In the SEC’s official court filing, the agency documented a list of grievances and misguiding by SBF that eventually led to the collapse of the company, and some of the details are truly unbelievable.
SBF allegedly used funds improperly from the beginning
Thousands of FTX customers bought into SBF’s lies, the filing alleged. However, from the very beginning of his time helming the company, SBF was using his customer’s funds improperly, according to a copy of the filing shared by DL News editorial director Jim Edwards. He would allegedly funnel his customer’s money into his company’s hedge fund, Alameda. These funds reportedly contained a number of large undisclosed financial ties, including “venture investments, lavish real estate purchases, and large political donations.” The filing went on to say that SBF “used Alameda as his personal piggy bank to buy luxury condominiums, support political campaigns, and make private investments, among other uses.”

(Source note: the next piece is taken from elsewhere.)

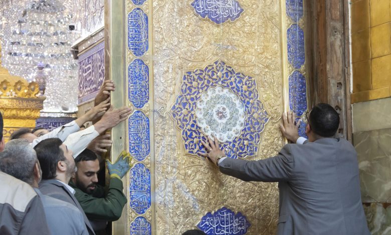 باشرت ملاكات قسم صناعة شبابيك الأضرحة الشريفة وأبوابها بتثبيت باب قبلة حرم أبي الفضل العباس (عليه السلام) بعد إكمال أعمال صيانته وتذهيبه.
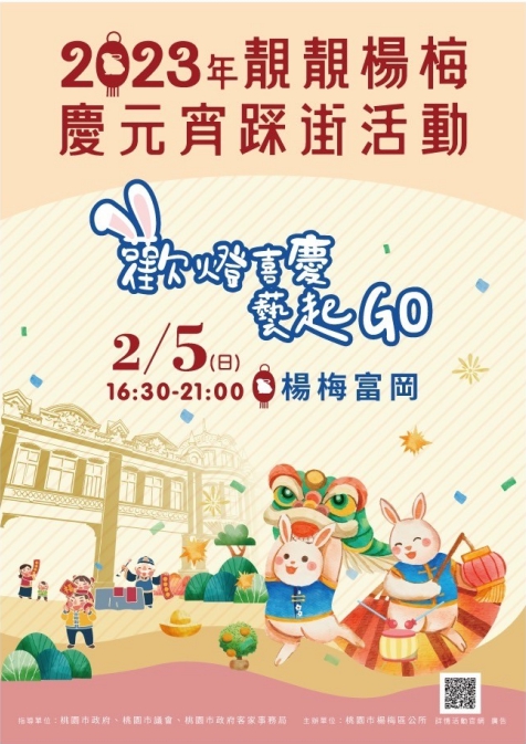 吉兔迎福春光暖,鴻兔大展吉兆顯,告別了福虎生風的壬寅虎年,配合2023桃園燈會在富岡,楊梅區公所特別規劃了「2023年靚靚楊梅慶元宵-歡燈喜慶藝起GO」踩街活動,帶領楊梅區各里辦公處及社區發展協會一起變裝踩街,與遊客們一起熱鬧慶元宵。

“He then used Alameda as his personal piggy bank to buy luxury condominiums, support political campaigns, and make private investments, among other uses.” pic.twitter.com/nNEvjiJ7oF
— Jim Edwards (@Jim_Edwards) December 13, 2022
SBF allegedly continued misusing funds even as the company sank
FTX began seeing the writing on the wall this past May, when the crypto market began to collapse and the exchange was unable to pay back practically anybody. However, even as this was occurring, the SEC alleged that SBF was continuing to defraud investors, even as his company was spiraling down. “When prices of crypto assets plummeted in May 2022, Alameda’s lenders demanded repayment on billions of dollars of loans,” the filing said. “Despite the fact that Alameda had, by this point, already taken billions of dollars of FTX customer assets … SBF directed FTX to divert billions more in customer assets to Alameda,” ensuring he could continue to gather investors.
At least one major account was associated with someone who had no ties to FTX
The SEC alleged that a number of parties were in control of investment accounts being funneled through Alameda. One of these, an $8 billion liability, was allegedly directed by SBF to be “moved to an account that would not be charged interest.” While the details of this liability were not revealed in the filing, the SEC claims that “the account was associated with an individual that had no apparent connection to Alameda. As a result, this change had the effect of further concealing Alameda’s liability in FTX’s internal systems.”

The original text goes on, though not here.